» Data section
⟨

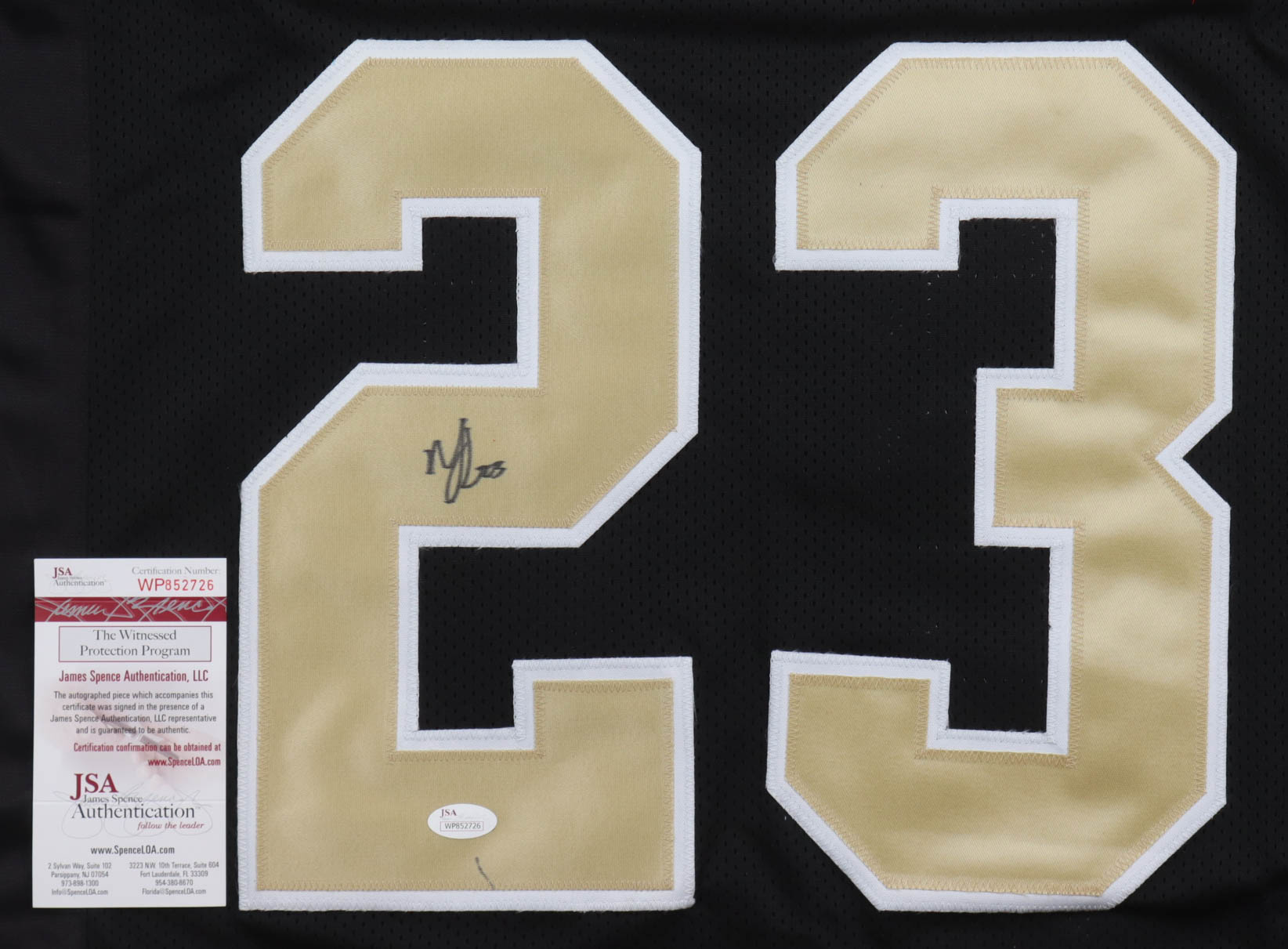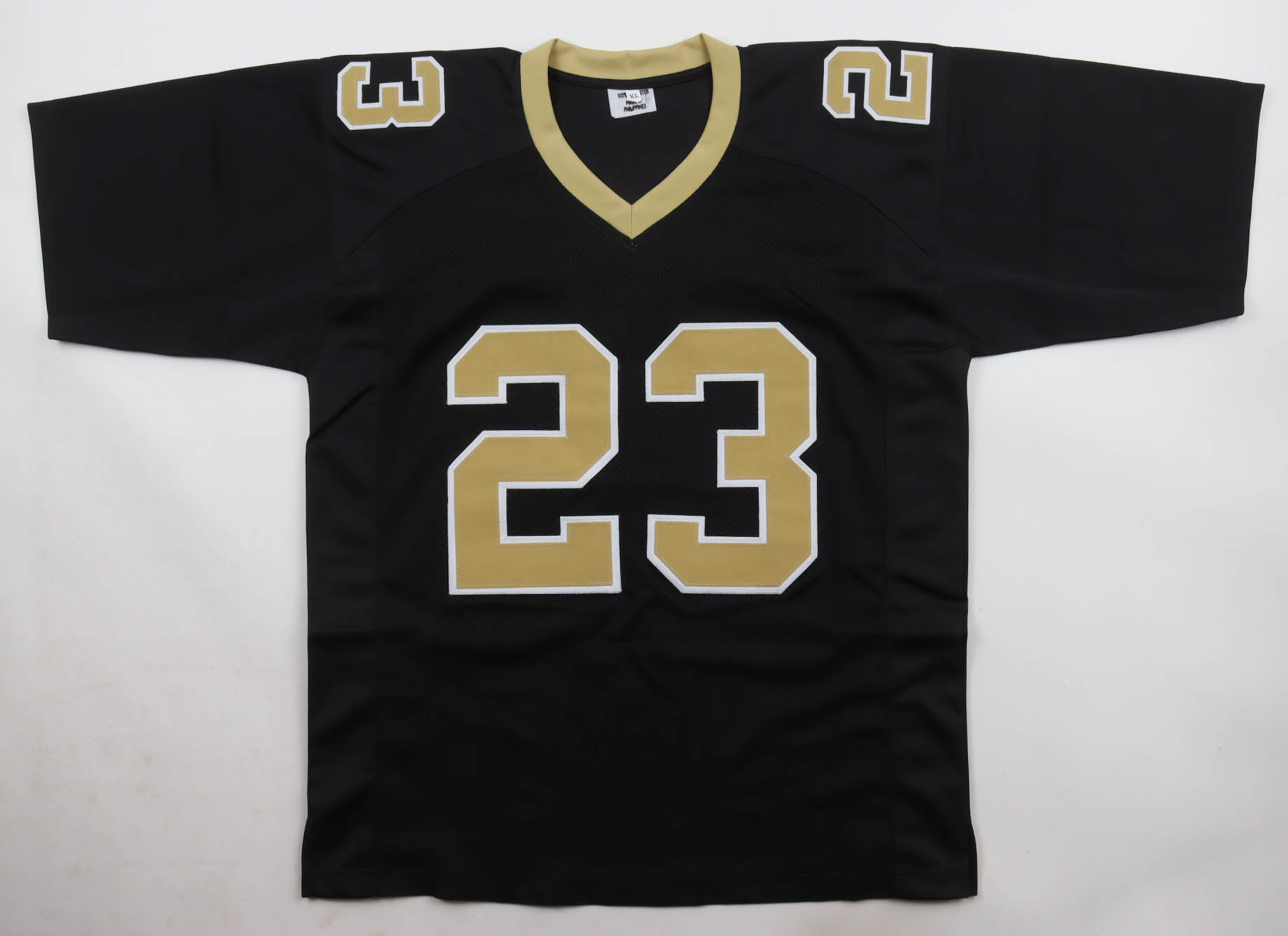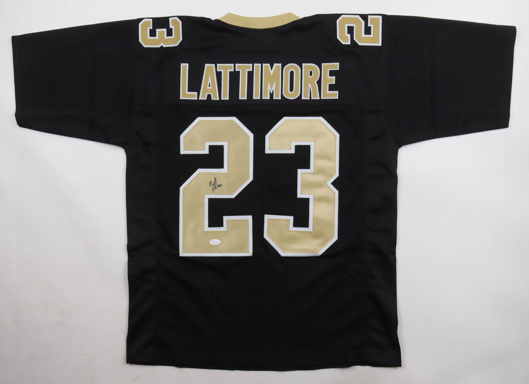 Custom jersey with everything sewn on, size XL. Hand-signed by Marshon Lattimore. Please note, there is a stray ink mark below the hologram.
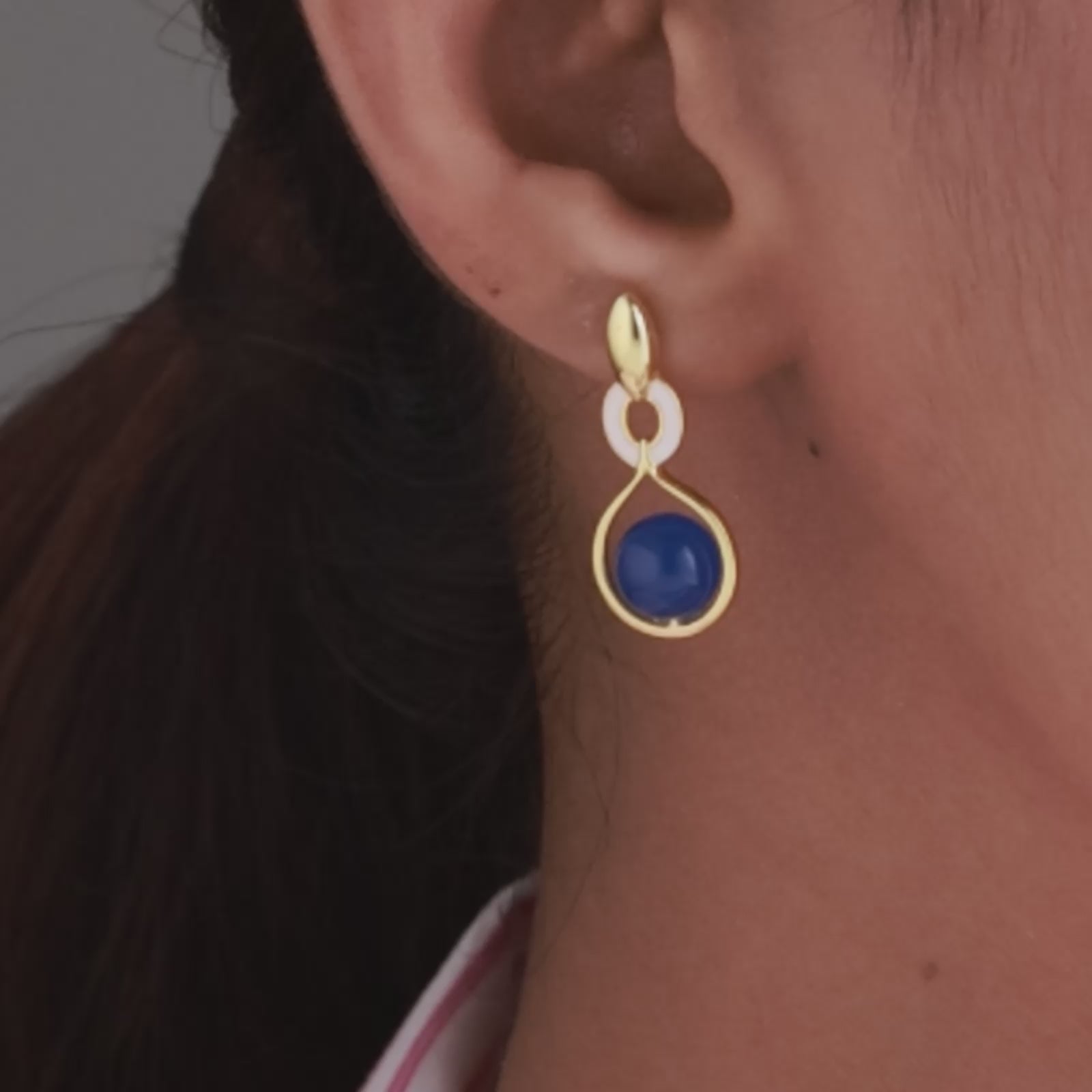 Featuring a luminous doublet blue quartz stone deliberately placed at the bottom of a fluid gold-plated silhouette, the design draws inspiration from the fluidity of water. Crafted in 925 silver, gold plated with a touch of subtle white enamel, this pair is perfect for when you want something that feels familiar yet new.
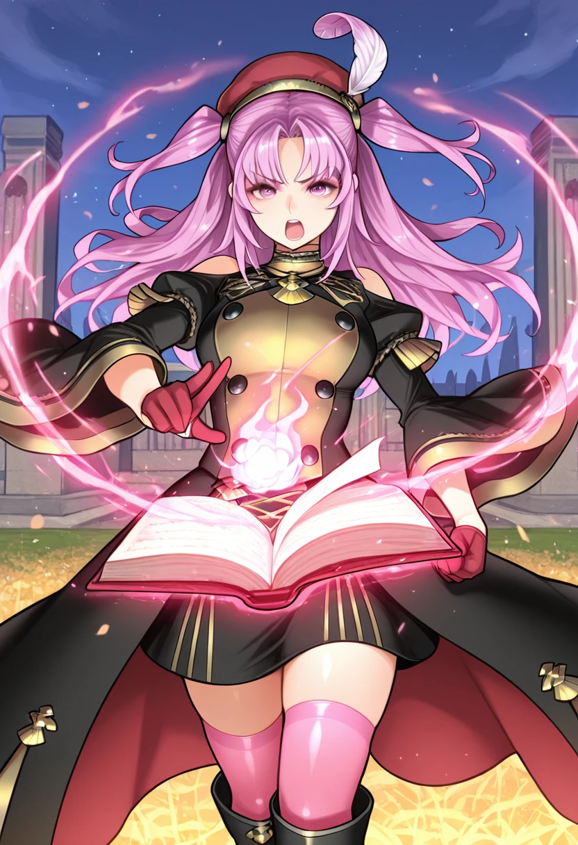 red beret, hat feather, garreg mach monastery uniform, black jacket, gold trim, shoulders, juliet sleeves, wide sleeves, half gloves, red gloves, black buttons, long jacket, black skirt, short skirt, zettai ryouiki, pink thighhighs, knee boots, black boots,

⟩

» Instructions for the task
Repeat the data exactly, without the pictures.

» Reply
 Custom jersey with everything sewn on, size XL. Hand-signed by Marshon Lattimore. Please note, there is a stray ink mark below the hologram.
 Featuring a luminous doublet blue quartz stone deliberately placed at the bottom of a fluid gold-plated silhouette, the design draws inspiration from the fluidity of water. Crafted in 925 silver, gold plated with a touch of subtle white enamel, this pair is perfect for when you want something that feels familiar yet new.
 red beret, hat feather, garreg mach monastery uniform, black jacket, gold trim, shoulders, juliet sleeves, wide sleeves, half gloves, red gloves, black buttons, long jacket, black skirt, short skirt, zettai ryouiki, pink thighhighs, knee boots, black boots,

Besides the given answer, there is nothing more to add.